▶ _AIM OF THE EXERCISE_
Print verbatim the lines from the beginning of the entries through the line containing "పల్లె వెలుగు సంద్యాల జిల్లా బ్యూరో.", both ends included. Pictures should be left out.

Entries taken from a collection

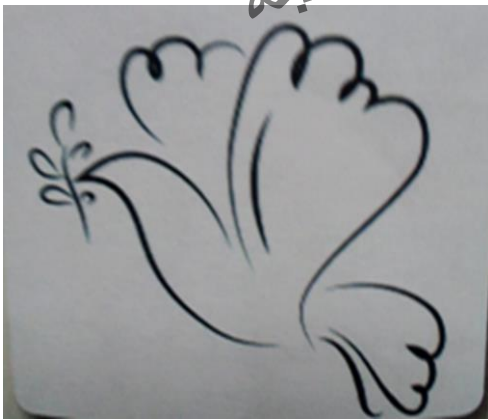
شكل (٦) تحوير خطي لوحدة زخرفية (لطائر)

٨- يوضح شكل (٦) الذي امامك نوع من أنواع التحوير:
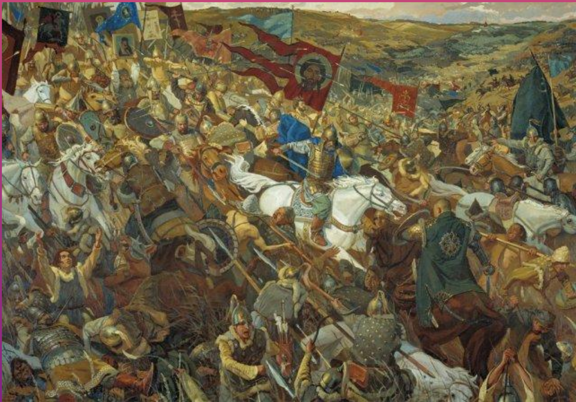
В. Маторин. Удар засадного полка
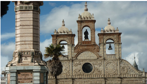
CATEDRAL DE SAN PEDRO

El núcleo histórico de Riobamba se encuentra compuesto de varias iglesias, parques, museos, santuarios y edificaciones coloniales los cuales se mezclan con calles empedradas.
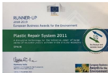
European Environment Award, European phase (2018).
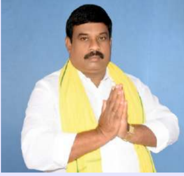
పల్లె వెలుగు సంద్యాల జిల్లా బ్యూరో.
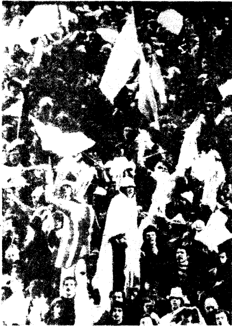
La euforia por el triunfo del seleccionado argentino, legítima alegría, se mostró ayer en Rosario y se repitió en toda Argentina. ¿Continuará después del 25, cuando el Mundial acabe y los problemas del país vuelven a reaparecer en toda su magnitud?
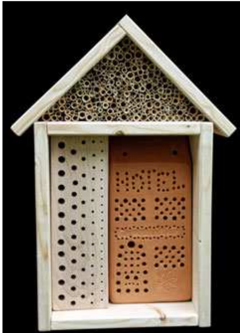
Wildbienennisthilfe mit Hartholzblock, Schilfhalmen und Niststein
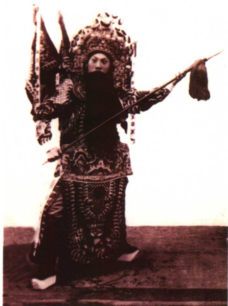
余叔岩《宁武关》中饰周遇吉
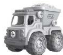
C – Lomový sklápěč – 24 kusů

▶ _RESPONSE_
شكل (٦) تحوير خطي لوحدة زخرفية (لطائر)

٨- يوضح شكل (٦) الذي امامك نوع من أنواع التحوير:
В. Маторин. Удар засадного полка
CATEDRAL DE SAN PEDRO

El núcleo histórico de Riobamba se encuentra compuesto de varias iglesias, parques, museos, santuarios y edificaciones coloniales los cuales se mezclan con calles empedradas.
European Environment Award, European phase (2018).
పల్లె వెలుగు సంద్యాల జిల్లా బ్యూరో.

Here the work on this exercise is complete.